The story, much like the aesthetic, pulls from a grab-bag of ideas, though the sum total don’t really seem to develop into a theme. The plot is doled out through conversations with characters like the samurai’s psychiatrist/handler who asks him inane questions before injecting him with drugs and handing him a dossier for his next target. The game attempts to build a sense of mystery via the main character’s amnesia and mental episodes where time and his memory seem to skip and shift. I felt some of the influence of Momento here, but whereas that film built the main character’s experience into the editing so as to connect his experience to the audience, in Katana Zero, it just feels like window dressing as opposed to building to a larger theme.
Other elements of the worldbuilding seem downright bizarre. While many elements harken back to Japanese anime or neo-noir like Blade Runner, certain elements use Middle Eastern and Arabic references. The name of the city is New Mecca, and some characters have names like Al-Qasim. However, this only seems to serve to distance it from the usual Asian/Japanese pastiche favored by those summoning the 80s aesthetic, and frankly seem very out of place, nor do they develop any deeper meaning at any point.
Further more bizarre is the introduction of two characters in lab coats and Comedy/Tragedy masks. While the samurai is, at best, an unreliable, drugged up narrator, these supernatural beings seem very out of place. At first they seem figments of the broken mind of the protagonist, but by the end they show themselves to be real enough to kidnap one of the characters important to the samurai.
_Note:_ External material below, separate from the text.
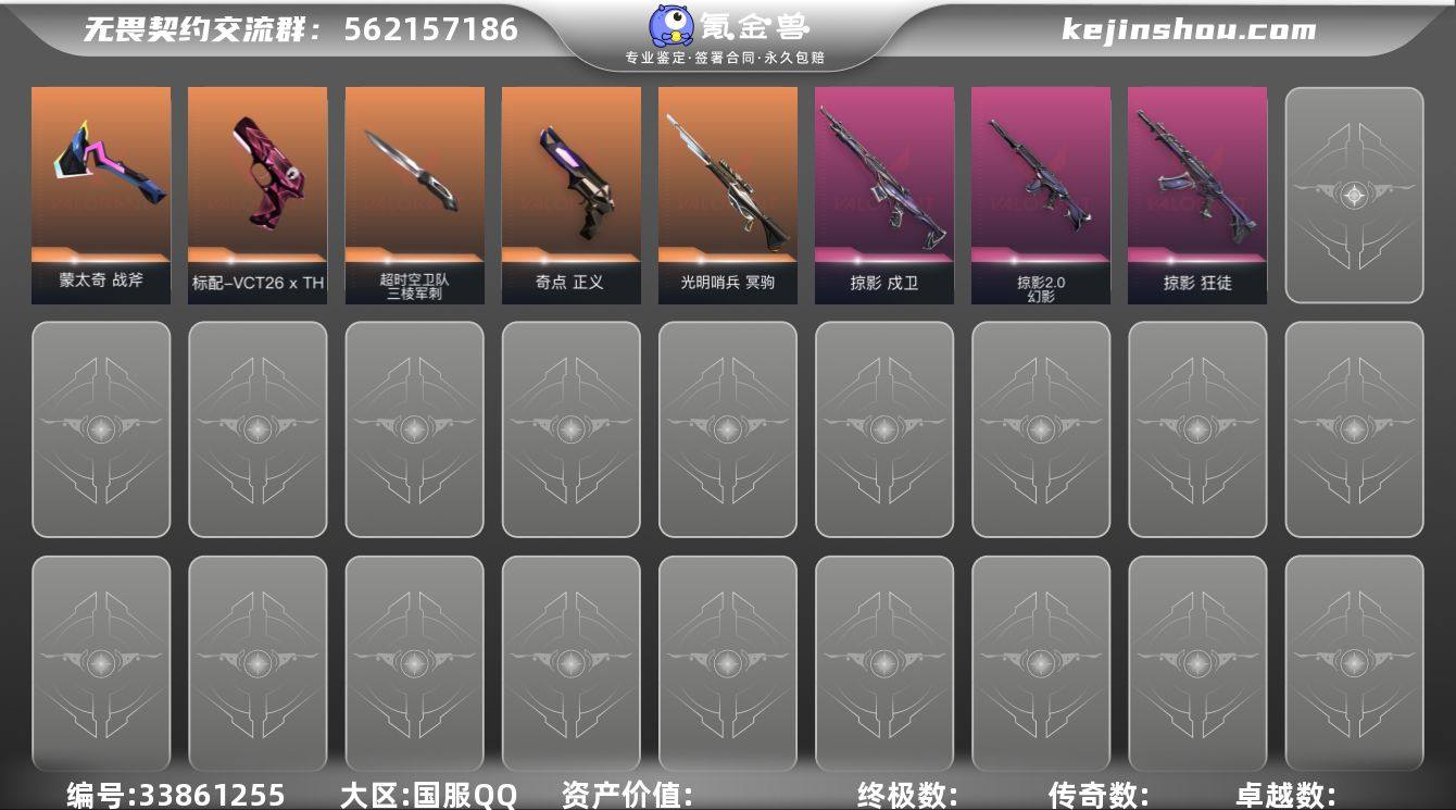 【无畏契约】等级:34,已用无畏点20970,已用源晶点235,橙皮:正义-奇点|冥驹-光明哨兵|狂徒-RGX 11z Pro|近战-超时空卫队 三棱军刺|近战-魔术火花|近战-蒙太奇 战斧|标配-VCT26 x TH__段位:未定级__紫皮:狂徒-掠影|戍卫-掠影|幻影-掠影2.0__英雄:尚勃勒|维斯|黑梦|壹决|炼狱|贤者|猎枭|芮娜|捷风|不死鸟|幻棱__绿皮:战神-蒙太奇|幻影-蒙太奇|狂怒-蒙太奇|骇灵-蒙太奇__蓝皮:雄鹿-风暴之子|戍卫-风暴之子|正义-风暴之子|冥驹-风暴之子|狂徒-超集系统|标配-超集系统|飞将-超集系统

Even for the synth-soaked world the characters inhabit, these characters seem far too deus ex machina for the setting. And we don’t really know what they’re about, because the game doesn’t see fit to tell us. The game ends on a cliffhanger, setting itself up for a DLC (which is forthcoming) or even perhaps a sequel to come later.
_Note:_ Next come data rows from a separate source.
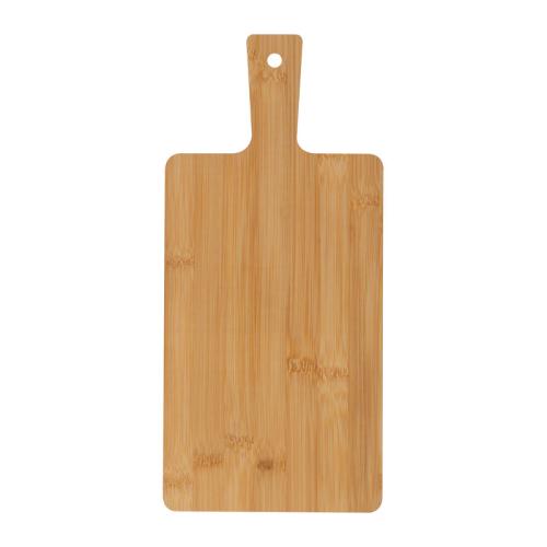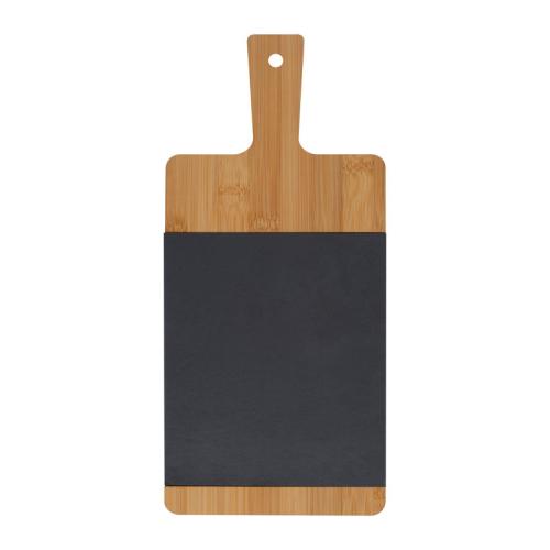 Bamboo serving board with slate insert, carrying handle and eyelet for hanging.
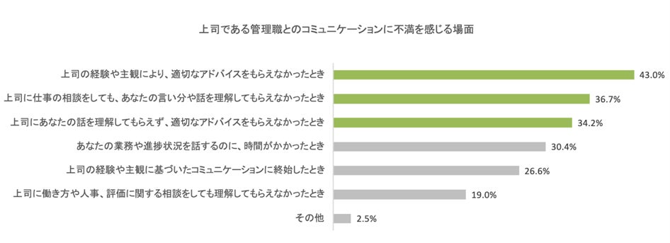 上司である管理職とのコミュニケーションに不満を感じるのは、「上司の経験や主観により、適切なアドバイスをもらえなかったとき」「上司に仕事の相談をしても、言い分や話を理解してもらえなかったとき」「上司に話を理解してもらえず、適切なアドバイスをもらえなかったとき」が上位に
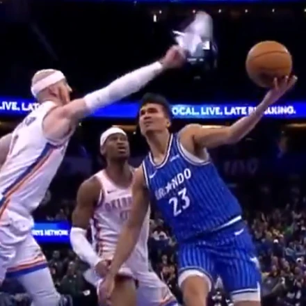 Στο σημείο αυτό, το παπούτσι του Καρούσο είχε βγει και βλέποντας ότι δεν μπορεί να φτάσει τον αντίπαλό του με κάποιον διαφορετικό τρόπο, προέκτεινε το χέρι του έτσι. Το αποτέλεσμα σίγουρα δεν ήταν το αναμενόμενο για τον παίκτη των Θάντερ. Και δέχθηκε το καλάθι λόγω παράνομης απομάκρυνσης και τιμωρήθηκε και με τεχνική ποινή για αυτή του την έμπνευση που σίγουρα παίρνει βραβείο πρωτοτυπίας.

And this is the main problem with Katana Zero, similar to the problem with John Wick. Both display flash and style, and while they make gestures at substance, its too-often empty behind the scenes. We don’t yet have Katana One or Katana Point-Five, but already Zero feels like it’s trying a bit too hard to rise above its aesthetic as opposed to embracing it. It’s J.J. Abrams’ style filmmaking in a video game plot, Mystery-Boxing the audience with a bunch of setup and seemingly little payoff. While I had enough fun playing Katana Zero, it was just that: enough. Nothing seemed to rise above the surface level in any meaningful way in either the plot or the gameplay, and nothing in this first outing gives me much confidence that the DLC or a second outing might be able to stick the landing.